There is no doubt that malignant pleural mesothelioma (MPM) needs better
non-invasive and accurate prognostication (the ability to predict medical
outcomes of a treatment or disease) for several reasons, including but
not limited to the following: a median survival of 12 months with first
line therapy; a median survival of 24 months when treated in a multimodal
approach; a
staging system currently undergoing a major update, not to mention the diffuse
nature of the disease and its variable biology.

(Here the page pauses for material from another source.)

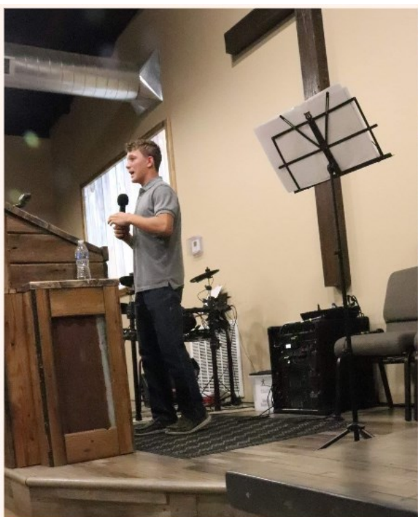
Central Oklahoma Teen Challenge

Better prognostication in MPM would mean the ability to better differentiate
among patients, hopefully at the time of
diagnosis. For patients with a poor prognostic, either palliative therapy or no
therapy may be appropriate. If prognostic factors indicate that long term
survival is possible, aggressive treatment or novel protocols would be
justified.
Typically, prognostication in MPM has been approached by studying many
variables, usually one at a time and at many centers, all with limited
numbers of patients. This is approach is problematic because prognostication
cannot function in a vacuum and the majority of these findings remain
unsubstantiated in other MPM populations. For example, Although MPM patients
tend to be older individuals who are frequently functionally impaired
and may have difficulty with aggressive therapy, there is still a significant
number of MPM patients with a favorable biology in a multimodal approach,
who benefit from intense therapy.
Such variables that can be studied can be purely clinical, such as patient
demographics that are frequently combined with standard laboratory values
including white blood cell count or platelet count. Other scientists have
focused on radiologic parameters by examining CT and
PET scans.
Some of the most advanced research being accomplished today uses a molecular
pathologic approach, by studying genomics, microRNA, epigenetics or proteomics
in order to define single or combinations of candidate prognostic biomarkers
from tissue or blood. The future of prognostic biomarkers in MPM will
most likely involve a multi-institutional consortium of centers which
will harvest tissue, blood and other specimens in a protocol using the
same standard operating procedures in order to minimize extraneous differences
which could lead to false positive results.
As new research platforms develop, it will be crucial to make sure that
an ongoing registry which incorporates solid demographics as well as documentation
of specimen archiving be available to the mesothelioma community. At this
time the National Mesothelioma Virtual Tissue Bank fulfills that role
in the United States, and is adding new sites to ensure that substances
and tissues for MPM prognostication will be available for continuing research.